### HOW TO COMPLETE THIS TASK
Reproduce exactly the run of lines that begins with the one containing "- 🎮【حامل شحن" and ends with the last line of the records, omitting pictures.

### DATA SUPPLIED
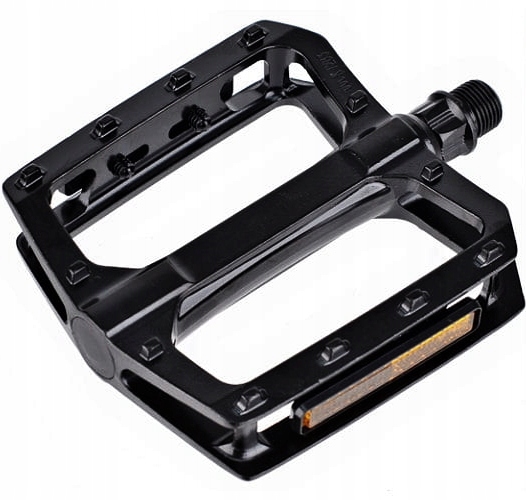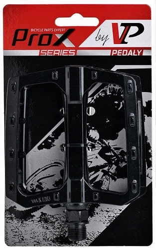 Aluminiowe pedały marki VP o niskim profilu, wyposażone w nowoczesne łożyska polimerowe EBP.
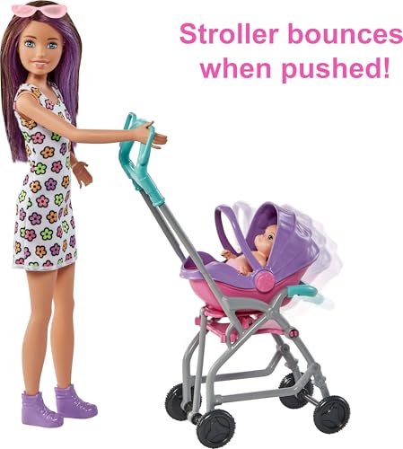Barbie - دمية العناية بالاطفال سكيبر بيبي سيتر من باربي مجموعة لعب مع مربية الاطفال سكيبر (سمراء) وعربة اطفال وطفل لعبة و5 اكسسوارات، لعبة للاطفال بعمر 3 سنوات وما فوق
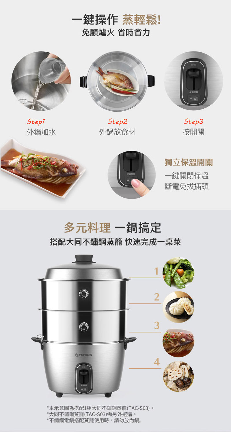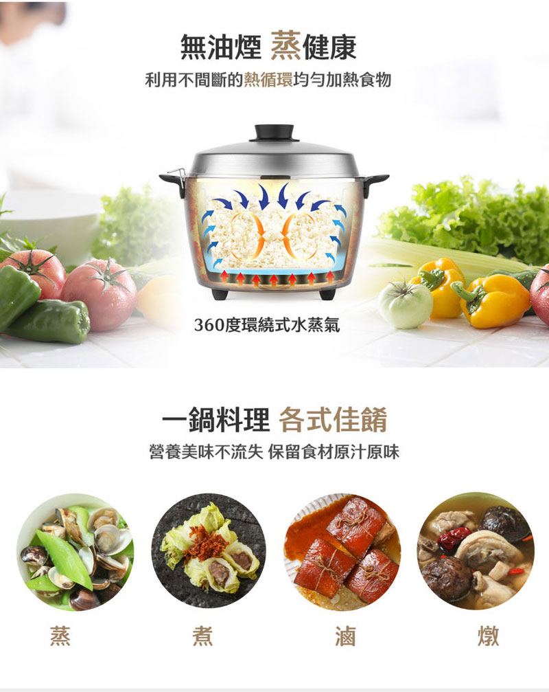 多元料理,煮飯/粥、蒸、滷、燉多用途
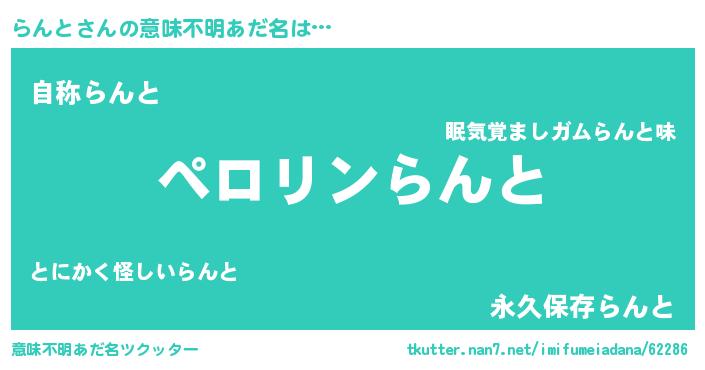 | 胡散臭い通販商品みたいなあだ名 | 『必ず成功するブレスレット…その名も「らんと」』 |
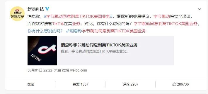 8月1日晚间,一则“字节跳动同意剥离TikTok美国业务”的消息,迅速引起了网络热议。
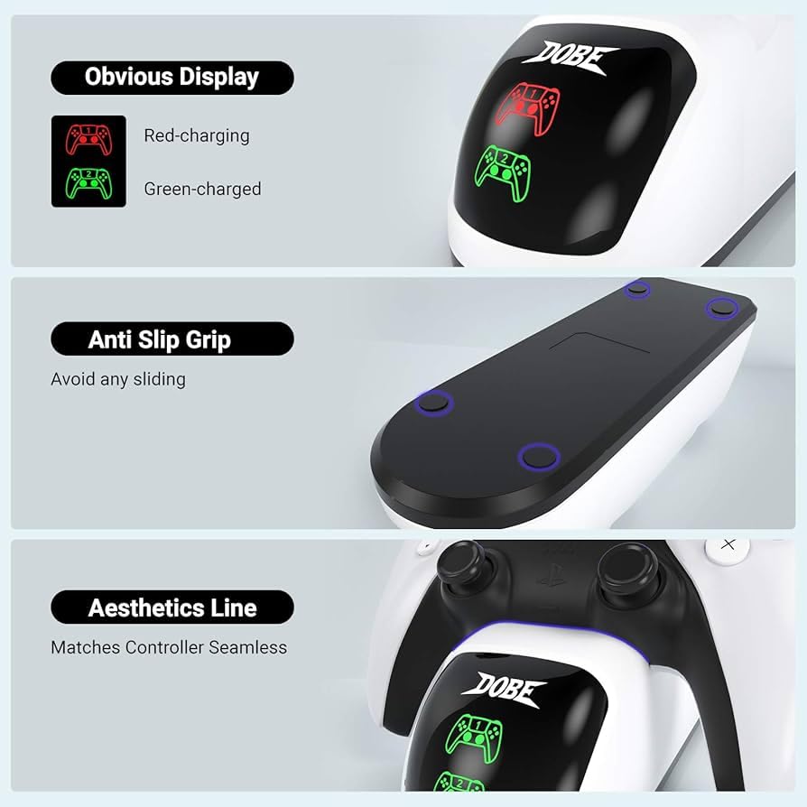 - 🎮【حامل شحن ثابت مدمج】 قاعدة شحن مدمجة وأنيقة لأجهزة التحكم دوال سينس لبلايستيشن5، لن يشغل مساحة كبيرة على مكتب الألعاب الخاص بك. لا تستطيع فقط شحن اثنين منأذرع التحكم الخاصة بك لجهاز بلاي ستيشن 5 ولكن يمكنك أيضًا استخدامه كحامل تخزين لوحدة التحكم. إذا كان لديك أي مشاكل لا تتردد في التواصل مع الدعم الفني لدينا، مع ضمان الجودة لمدة عام.
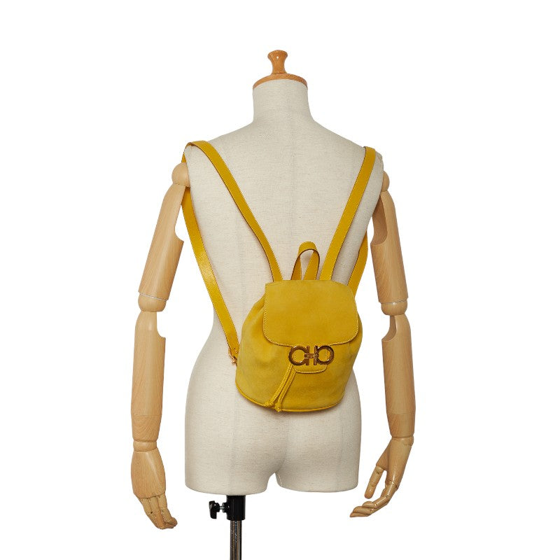 サルヴァトーレフェラガモ ガンチーニ リュック バックパック DJ-21 6147 イエロー スウェード レザー レディース Salvatore Ferragamo 【中古】
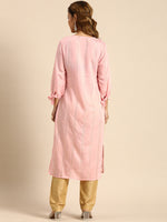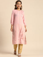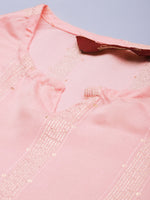 Sangria Women Pink Sequined Jacquard Chanderi Silk Kurta - Distacart
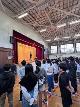 今朝は雨が降っていたので、体育館で全校朝会でした。

### RESPONSE TO THIS TASK
 - 🎮【حامل شحن ثابت مدمج】 قاعدة شحن مدمجة وأنيقة لأجهزة التحكم دوال سينس لبلايستيشن5، لن يشغل مساحة كبيرة على مكتب الألعاب الخاص بك. لا تستطيع فقط شحن اثنين منأذرع التحكم الخاصة بك لجهاز بلاي ستيشن 5 ولكن يمكنك أيضًا استخدامه كحامل تخزين لوحدة التحكم. إذا كان لديك أي مشاكل لا تتردد في التواصل مع الدعم الفني لدينا، مع ضمان الجودة لمدة عام.
 サルヴァトーレフェラガモ ガンチーニ リュック バックパック DJ-21 6147 イエロー スウェード レザー レディース Salvatore Ferragamo 【中古】
 Sangria Women Pink Sequined Jacquard Chanderi Silk Kurta - Distacart
 今朝は雨が降っていたので、体育館で全校朝会でした。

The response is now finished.